Os cartões, disse ele, seriam retidos por segurança. Então ele me dispensou, sem levantar nem apertar as mãos como fazia quando entrei. Pelo que sei, as cartas ainda estão nas mãos da Gestapo. Eu nunca mais os vi.

Quando ele partiu para Viena, Adolf Hitler estava destinado a desaparecer de nossas vidas por muitos anos. Ele não tinha amigos em Linz a quem pudesse voltar para visitar e poucos com quem pudesse trocar correspondência. Portanto, foi muito mais tarde que soubemos de sua pobreza miserável naqueles dias e de sua subsequente mudança para Munique em 1912 [na verdade, em maio de 1913].

Nenhuma notícia voltou da maneira como ele caiu de joelhos e agradeceu a Deus quando a guerra foi declarada em 1914; e nenhuma notícia de seu serviço de guerra como cabo da 16ª Infantaria da Reserva da Baviera. Não ouvimos nada sobre ele ser ferido e gaseado. Somente no início de sua carreira política, em 1920, é que recebemos novamente a notícia desse menino tranquilo e educado que cresceu entre nós.

Poderia ser Adolf?

Ocasionalmente, os jornais locais publicavam artigos sobre o grupo de apoiadores políticos que Hitler estava reunindo sobre si mesmo em Munique; histórias de seu ódio aos judeus, da Paz de Versalhes, de quase todo o resto. Mas nenhuma importância particular foi atribuída a essas atividades. Só quando vinte pessoas morreram no golpe de rua de 8 de novembro de 1923, Hitler alcançou notoriedade local. Seria possível, perguntei a mim mesmo, que o homem por trás dessas coisas fosse o menino quieto que conheci – o filho da gentil Klara Hitler?

Eventualmente, até mesmo a menção do nome de Hitler na imprensa austríaca foi proibida; ainda assim, continuamos a receber notícias boca a boca de nosso ex-cidadão: histórias das perseguições que ele havia iniciado; do rearmamento alemão; da guerra que estava por vir. Essas notícias contrabandeadas alcançaram ouvidos atentos. Um partido nazista local surgiu.

Em teoria, tal partido não poderia existir; fora proibido pelo governo. Na prática, as autoridades deram suas bênçãos. Sem uniformes, os nazistas locais adotaram métodos de identificação para todos.
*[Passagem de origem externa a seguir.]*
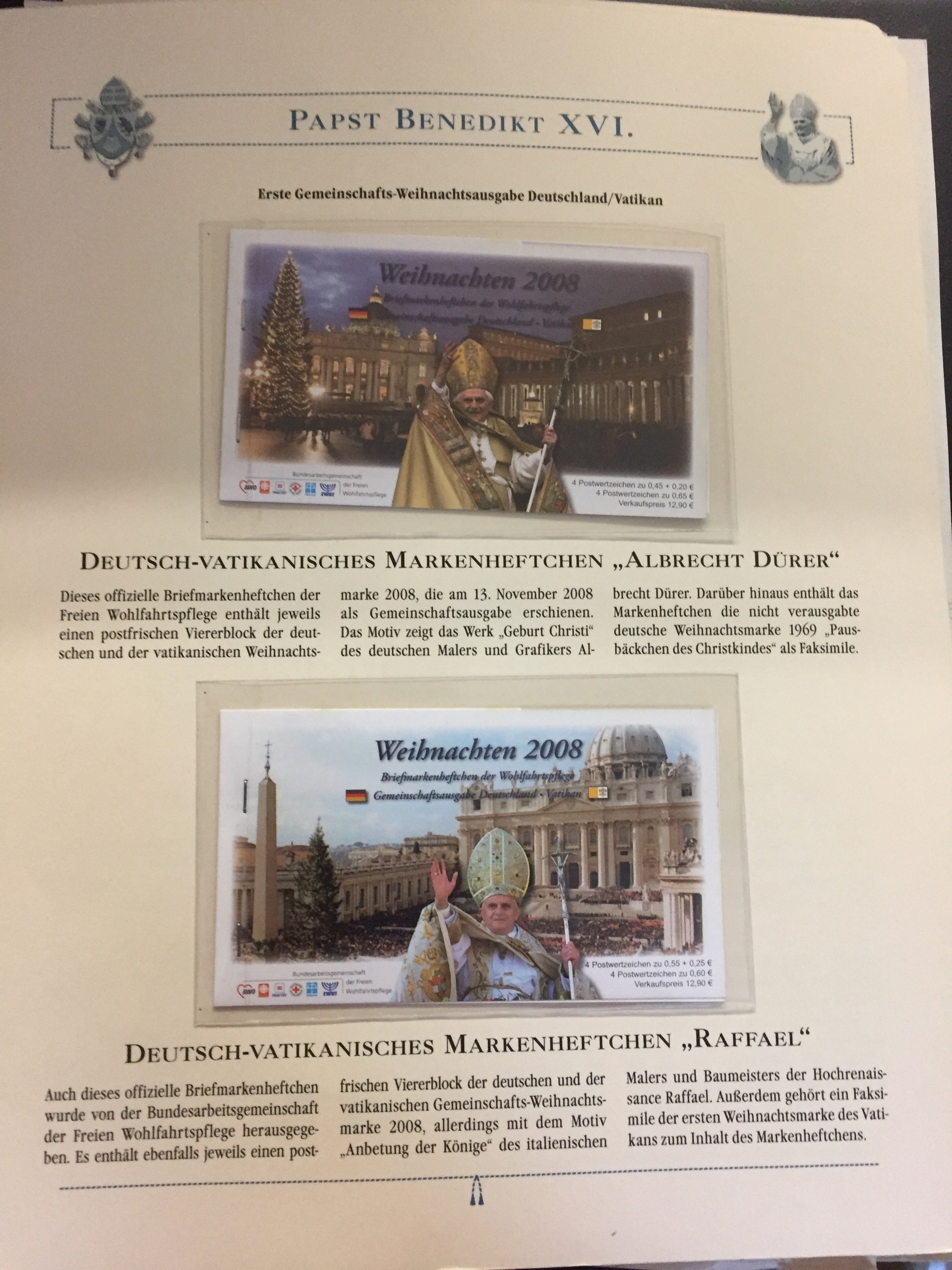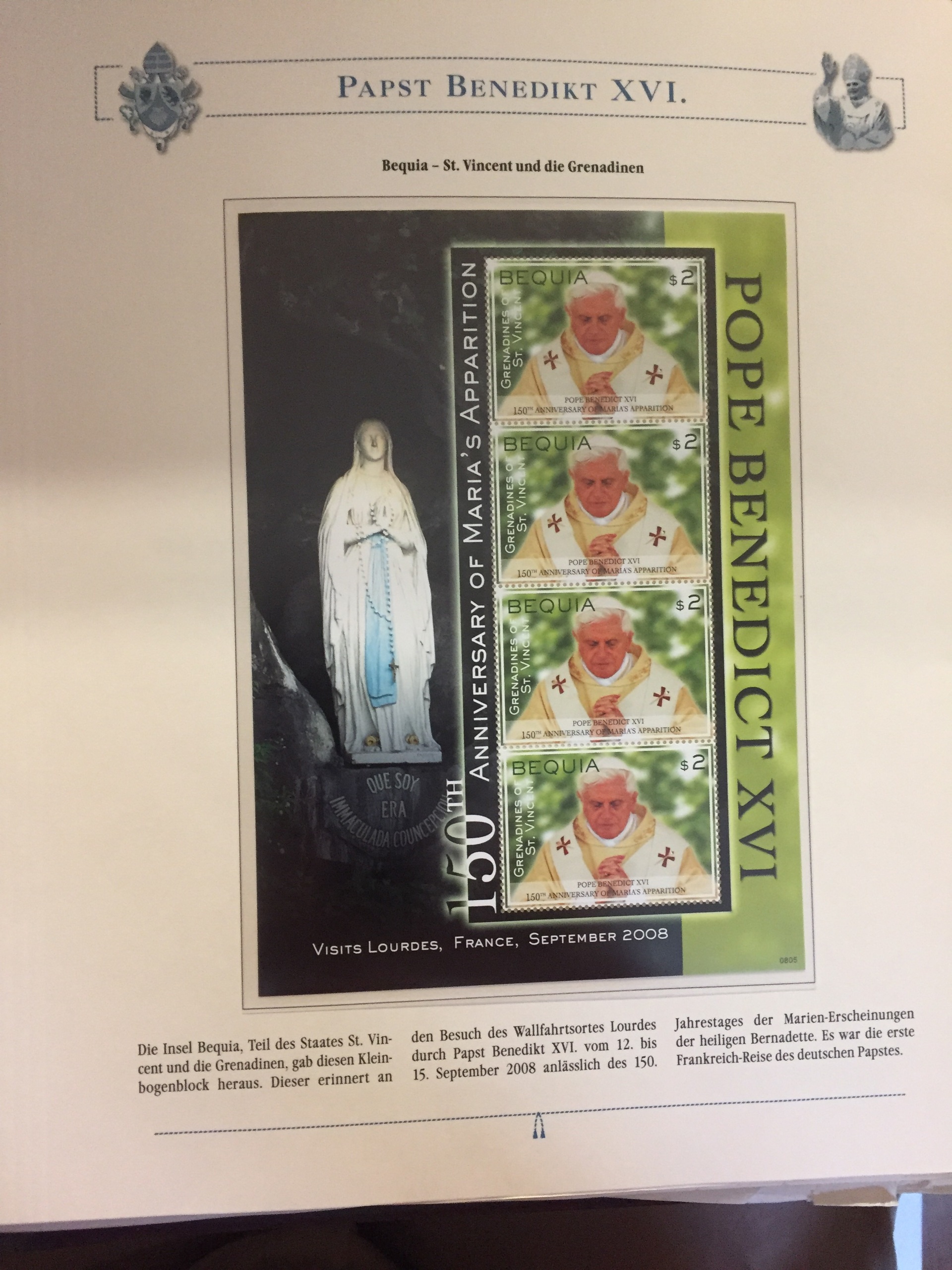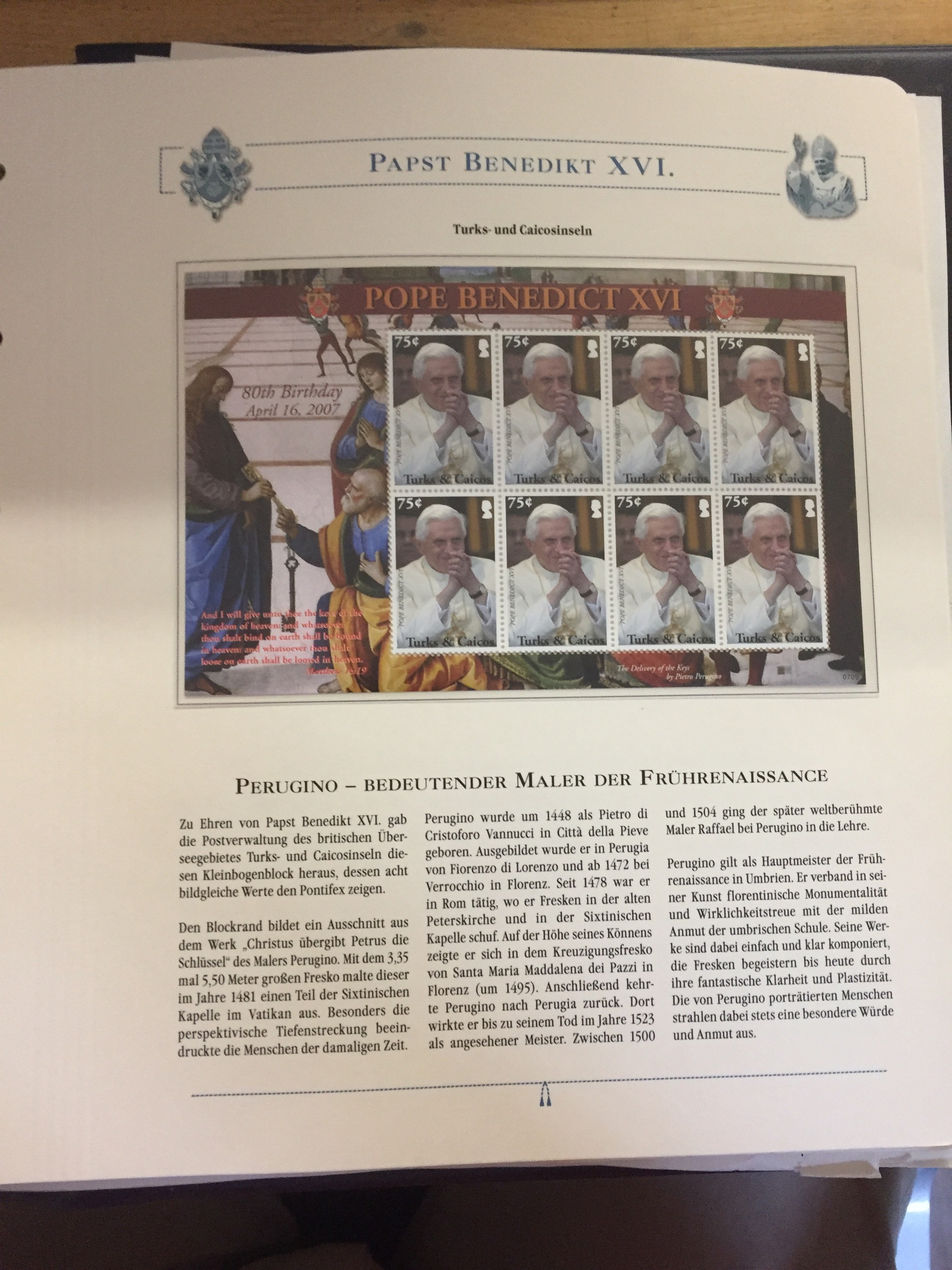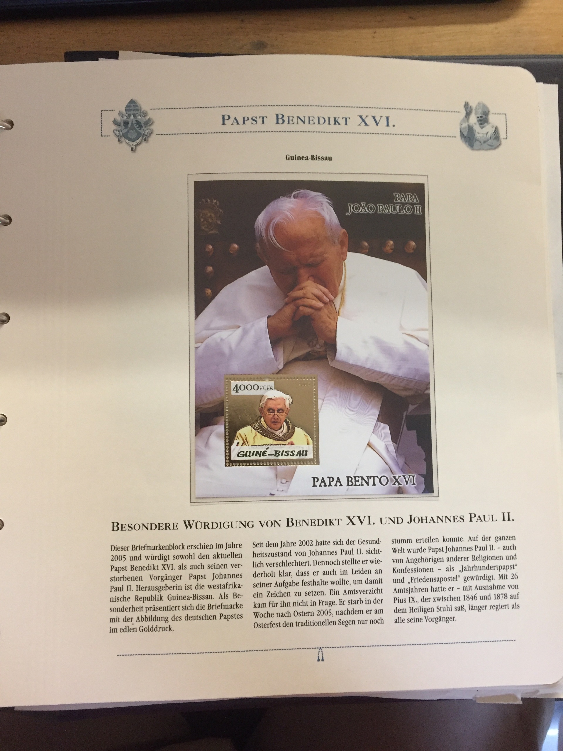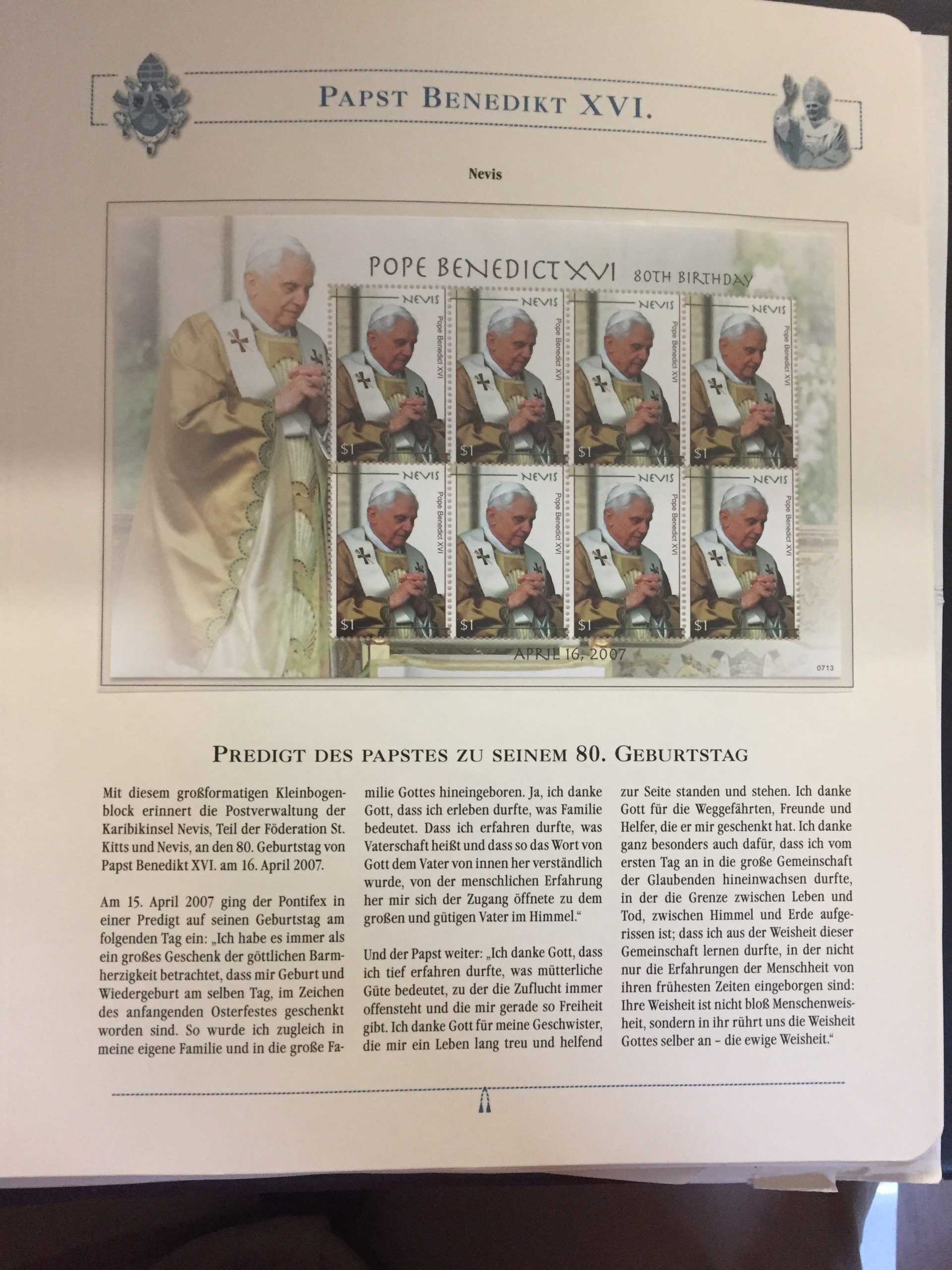 Thematics, Pope Benedict XVI. ★★. Beatifiul collection in 4 large Borek special albums with lots of information. Stamps, s/s, minisheets and some covers from 2006 up to 2017. Seems to be complete with many difficult issues – many in gold or silver – from many differernt countries. Also another album with other popes in the same type of album. Excellent quality. (several hunded)

Eles usavam meias brancas. Em seus casacos, eles usavam uma pequena flor silvestre, muito parecida com a margarida americana, e na época do Natal eles queimavam velas azuis em suas casas.

Todos nós sabíamos dessas coisas, mas nada foi feito. De vez em quando, as autoridades locais encontravam uma bandeira nazista no túmulo de Klara Hitler em Leonding e a removiam sem cerimônia. Ainda assim, a tempestade que se formava na Alemanha parecia remota. Demorou um pouco antes de receber qualquer palavra em primeira mão de Adolf Hitler. Então, em 1937, vários nazistas locais compareceram à conferência do partido em Nuremberg. Após a conferência, Hitler convidou várias dessas pessoas para acompanhá-lo à sua vila na montanha em Berchtesgaden. O Fuehrer pediu notícias de Lins. Como foi a cidade? As pessoas estavam lá apoiando-o? Ele pediu notícias minhas. Eu ainda estava vivo, ainda praticando? Em seguida, ele fez uma declaração irritante para os nazistas locais. “Dr. Bloch”, disse Hitler, “é um Edeljude – um nobre judeu. Se todos os judeus fossem como ele, não haveria nenhuma questão judaica.” Era estranho, e de certo modo lisonjeiro, que Adolf Hitler pudesse ver o bem em pelo menos um membro de minha raça.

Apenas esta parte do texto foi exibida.